Consequently, “one can, for example, be adjusted to the necessities of a game—one can have a magnificent academic career—without ever needing to give oneself such an objective.” (82) It is, therefore, misleading to apply the categories of logical logic to practical logic, i.e. to try to describe human behaviors as a coherent set of conscious acts:
If what I am saying is true, it happens quite differently. Agents who clash over the ends under considerations can be possessed by those ends. They may be ready to die for those ends, independently of all considerations of specific, lucrative profits, career profits, or other forms of profit. Their relation to the end involved is not at all the conscious calculation of usefulness that utilitarianism lends them, a philosophy that is readily applied to the action of others. They have a feel for the game; for example, in games where it is necessary to be “disinterested” in order to succeed, they can undertake, in a spontaneously disinterested manner, actions in accordance with their interests. (83)

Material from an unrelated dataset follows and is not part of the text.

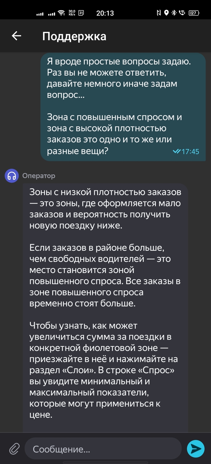 Разумеется, поддержка Яндекса была в своём репертуаре. Задаю первый вопрос, а мне в ответ присылают текст про доход и повышенный спрос. Хотя я об этом даже не спрашивал!
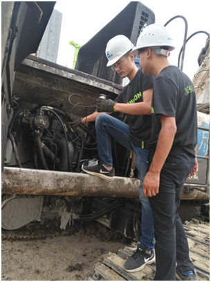 ??? 近日,基礎(chǔ)施工華南大區(qū)小分隊繼服務(wù)萬里行首站告捷后,迅速從廈門出發(fā),前往100公里以外的晉江項目地點。中聯(lián)重科極光綠設(shè)備在工地上格外耀眼,小分隊成員遠(yuǎn)在方圓百米外就已看到它高效施工的身影。抵達(dá)現(xiàn)場時,發(fā)現(xiàn)還有兩臺老涂裝設(shè)備依然“能量無限”,承擔(dān)著項目重任?!斑@是中聯(lián)重科2008年的旋挖鉆機ZR220A,是福建片區(qū)的**一臺旋挖鉆機,至今仍然非常好用。中聯(lián)產(chǎn)品品質(zhì)真的很不錯?!?機手感慨道。

To refute the scholarly approach that human behaviour is governed by the economic interest, Bourdieu mentions that in the contemporary societies, there is a number of “social universes,” such as religion, economy, art, science, which “are autonomous and have their own laws… which evaluate what is done in them, the stakes at play, according to principles and criteria that are irreducible to those of other universes.” (83-84) As the laws which define interests in different universes are also different, “what makes people enter and compete in the scientific field is not the same thing that makes them enter and compete in the economic field.” (84)
As different social universes have different laws, this observation “leads to a breaking up of the notion of interest; there are as many forms of libido, as many kinds of interest, as there are fields. Any field, in producing itself, produces a form of interest which, from the point of view of another field, may seem like disinterestedness (or absurdity, lack of realism, folly, etc.).” (84-85)
Bourdieu then asks how his theory of sociology can, then, exist if there are social universes which are built on a refusal of economic interests, i.e. disinterestedness from a common point of view. To this, he answers that “there must exist a form of interest that one can describe, for the sake of communication, and at the risk of falling into a reductionist vision, as interest in disinterestedness or, better still, as a disinterested or generous disposition.” (85) His concept of disposition, thus, becomes a driving force of social universes: social agents occupy these dispositions and start pursue interests, which are imposed on them by the rule of the game, according to these same rules.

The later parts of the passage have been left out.